*Required action*: For the material below, reproduce exactly each line from the one that has "LVY992ML0JP023096 Volvo S90" through the one that has "沒有,他說的用信貸當生活費,薪資繳貸款。這個我也 10/26 12:06", and no others; pictures stay out.

*Information provided*:
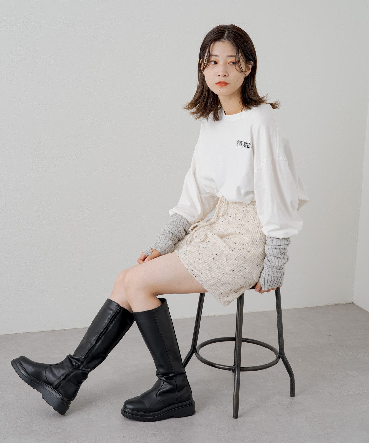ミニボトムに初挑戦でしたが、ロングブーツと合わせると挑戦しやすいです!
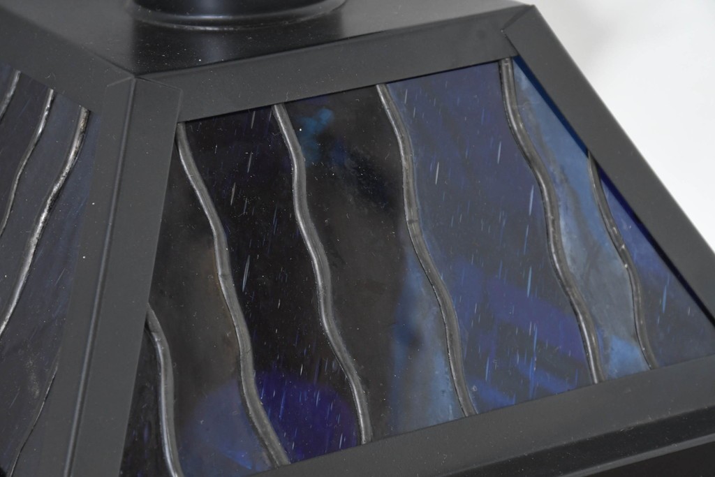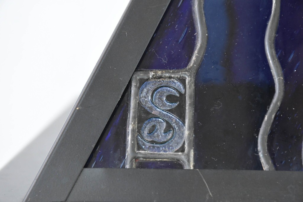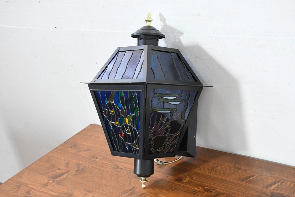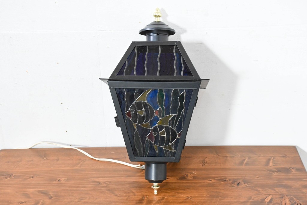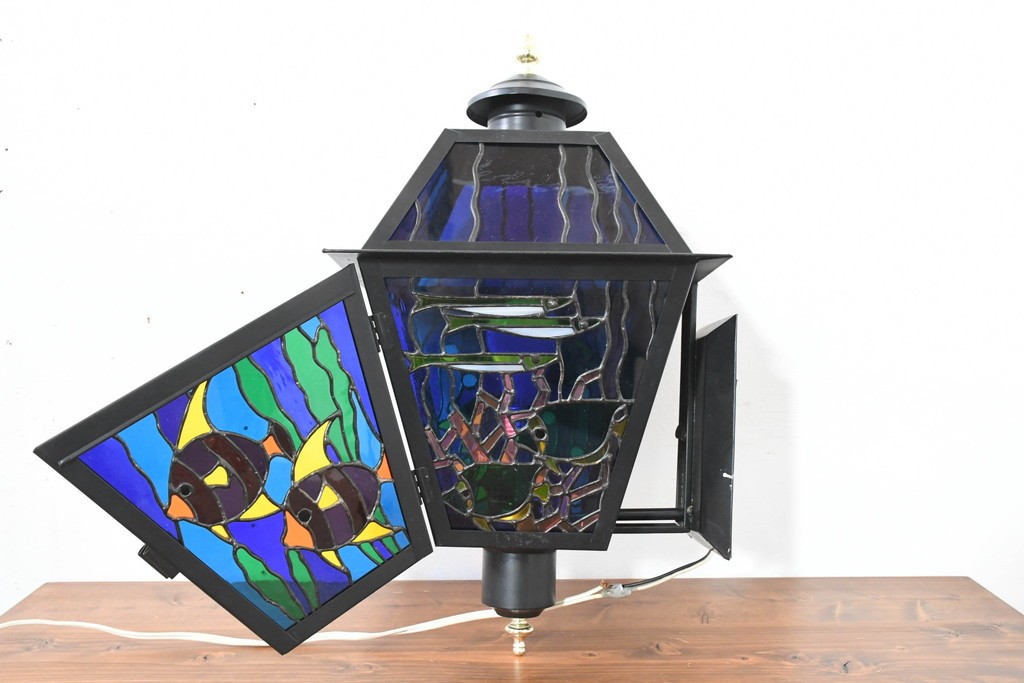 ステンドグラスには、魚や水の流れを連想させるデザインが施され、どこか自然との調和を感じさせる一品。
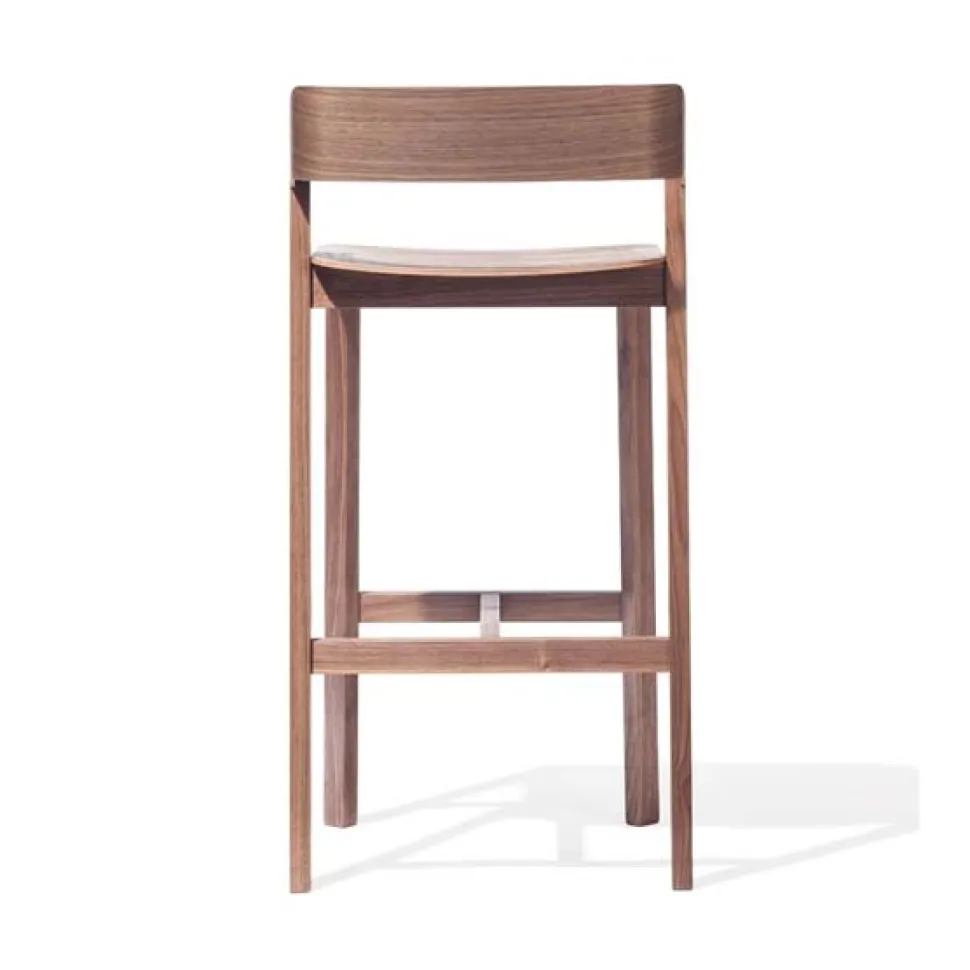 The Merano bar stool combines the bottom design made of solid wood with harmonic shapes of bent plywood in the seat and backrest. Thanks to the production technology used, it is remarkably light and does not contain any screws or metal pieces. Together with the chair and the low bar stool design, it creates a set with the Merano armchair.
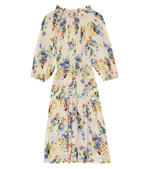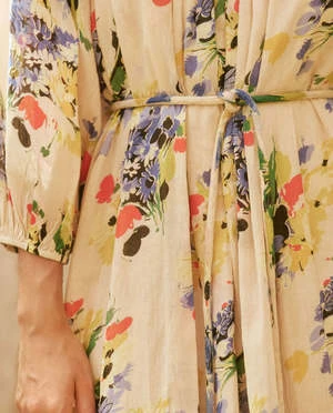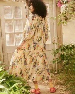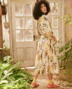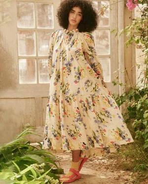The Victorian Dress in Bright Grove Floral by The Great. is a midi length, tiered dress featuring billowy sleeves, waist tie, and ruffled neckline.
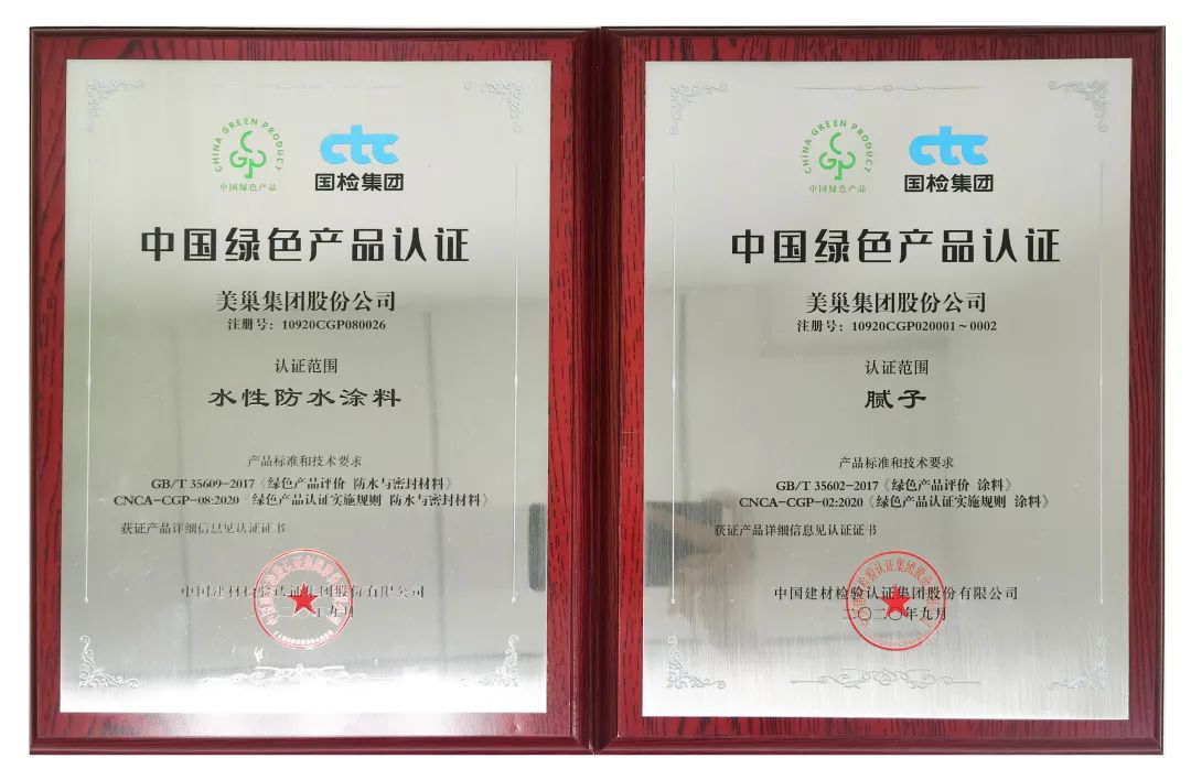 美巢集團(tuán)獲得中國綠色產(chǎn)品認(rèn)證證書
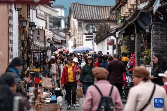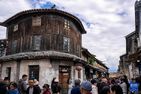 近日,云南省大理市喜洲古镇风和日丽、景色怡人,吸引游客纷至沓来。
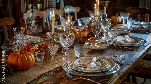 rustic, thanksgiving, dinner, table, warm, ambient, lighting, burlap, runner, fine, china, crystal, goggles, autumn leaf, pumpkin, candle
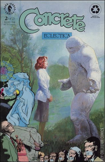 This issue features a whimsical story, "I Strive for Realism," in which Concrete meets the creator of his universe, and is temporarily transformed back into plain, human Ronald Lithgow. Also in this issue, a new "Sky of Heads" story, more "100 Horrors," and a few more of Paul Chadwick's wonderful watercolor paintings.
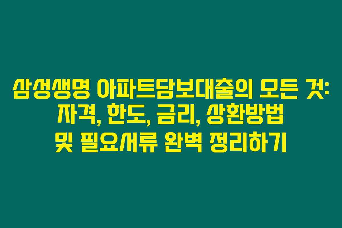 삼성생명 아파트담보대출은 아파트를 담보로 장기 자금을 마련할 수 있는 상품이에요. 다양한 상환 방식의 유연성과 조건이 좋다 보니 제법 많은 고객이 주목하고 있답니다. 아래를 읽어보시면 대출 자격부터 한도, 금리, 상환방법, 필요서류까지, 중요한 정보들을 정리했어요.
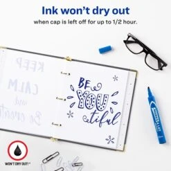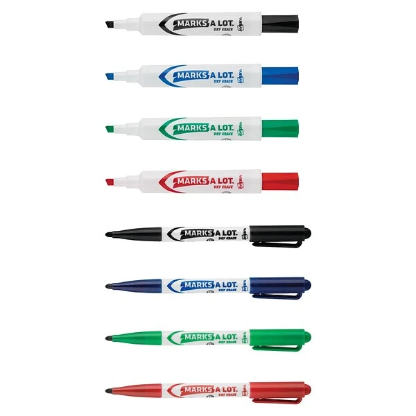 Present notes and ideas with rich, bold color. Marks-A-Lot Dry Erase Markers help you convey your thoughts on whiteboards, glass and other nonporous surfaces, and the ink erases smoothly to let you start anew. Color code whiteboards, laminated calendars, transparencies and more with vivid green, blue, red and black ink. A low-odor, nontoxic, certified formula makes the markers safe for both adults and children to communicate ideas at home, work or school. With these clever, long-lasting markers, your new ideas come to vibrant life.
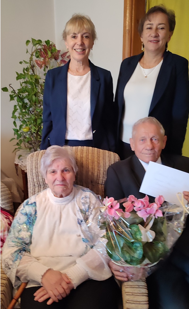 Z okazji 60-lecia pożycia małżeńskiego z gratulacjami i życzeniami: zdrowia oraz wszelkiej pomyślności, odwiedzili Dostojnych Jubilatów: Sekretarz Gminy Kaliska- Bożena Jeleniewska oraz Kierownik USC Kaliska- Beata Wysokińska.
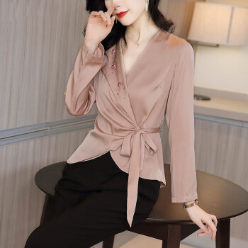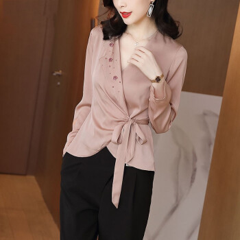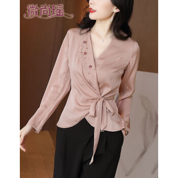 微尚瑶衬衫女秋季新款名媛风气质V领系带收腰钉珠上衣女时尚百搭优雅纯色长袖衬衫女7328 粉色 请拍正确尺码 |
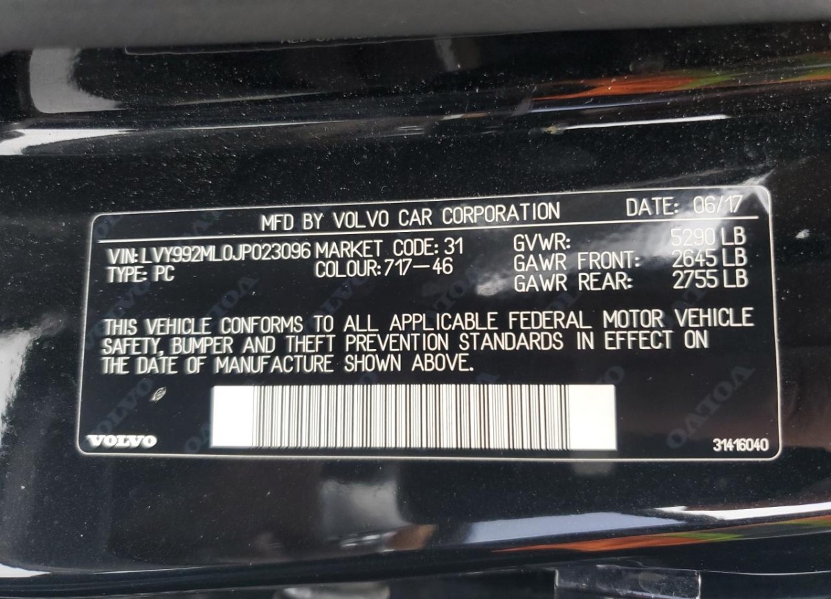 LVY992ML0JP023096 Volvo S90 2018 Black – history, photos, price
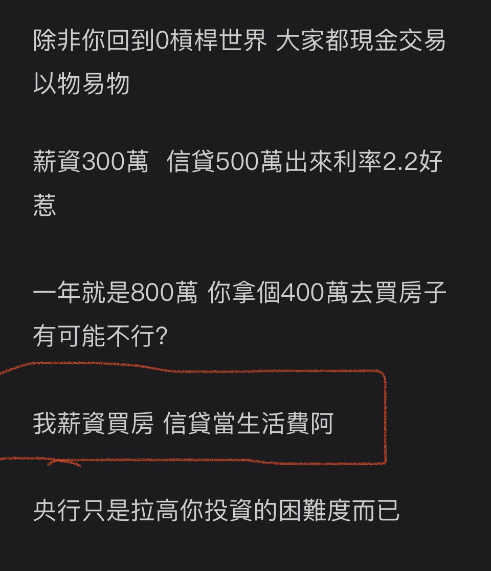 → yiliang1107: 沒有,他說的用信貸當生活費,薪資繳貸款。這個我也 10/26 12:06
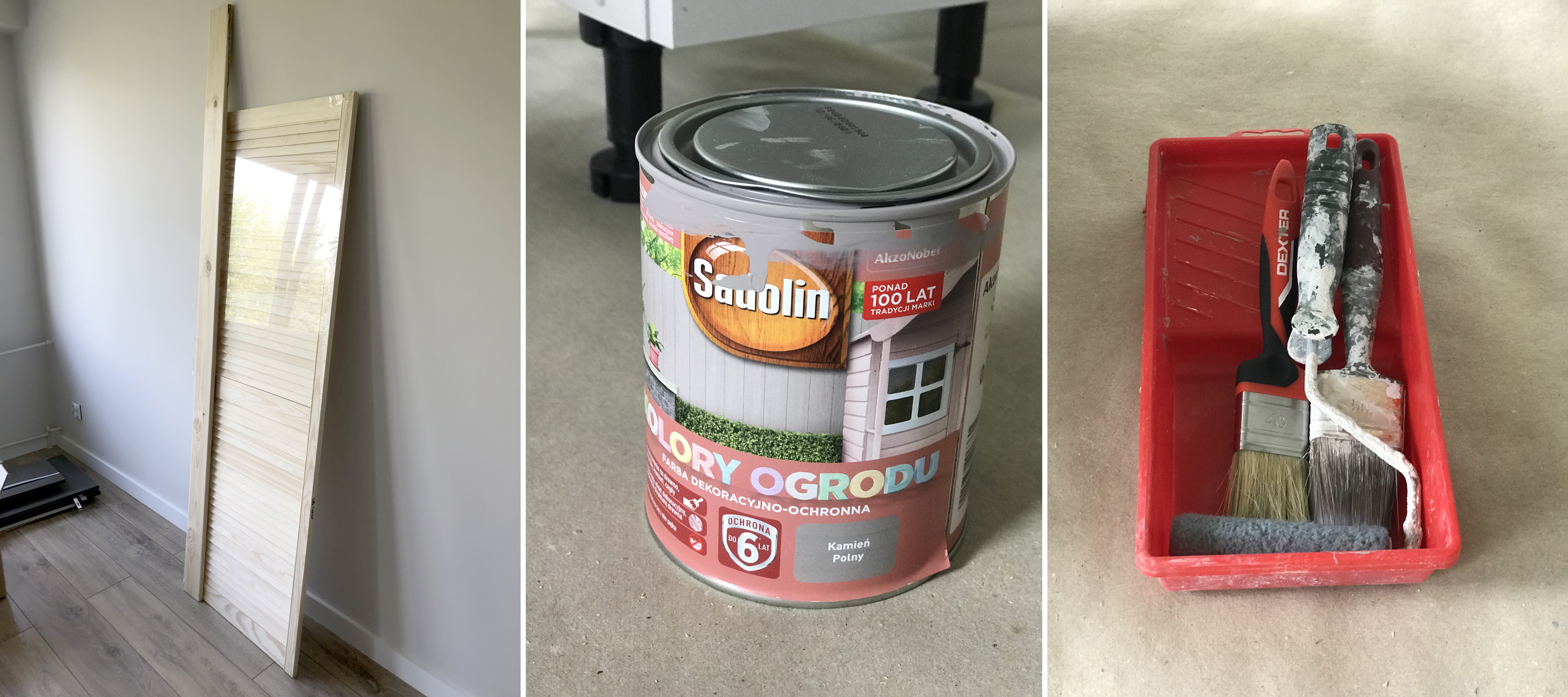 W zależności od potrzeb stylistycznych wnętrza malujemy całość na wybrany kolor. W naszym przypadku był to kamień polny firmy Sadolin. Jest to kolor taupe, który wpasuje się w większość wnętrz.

*Answer box*:
 LVY992ML0JP023096 Volvo S90 2018 Black – history, photos, price
 → yiliang1107: 沒有,他說的用信貸當生活費,薪資繳貸款。這個我也 10/26 12:06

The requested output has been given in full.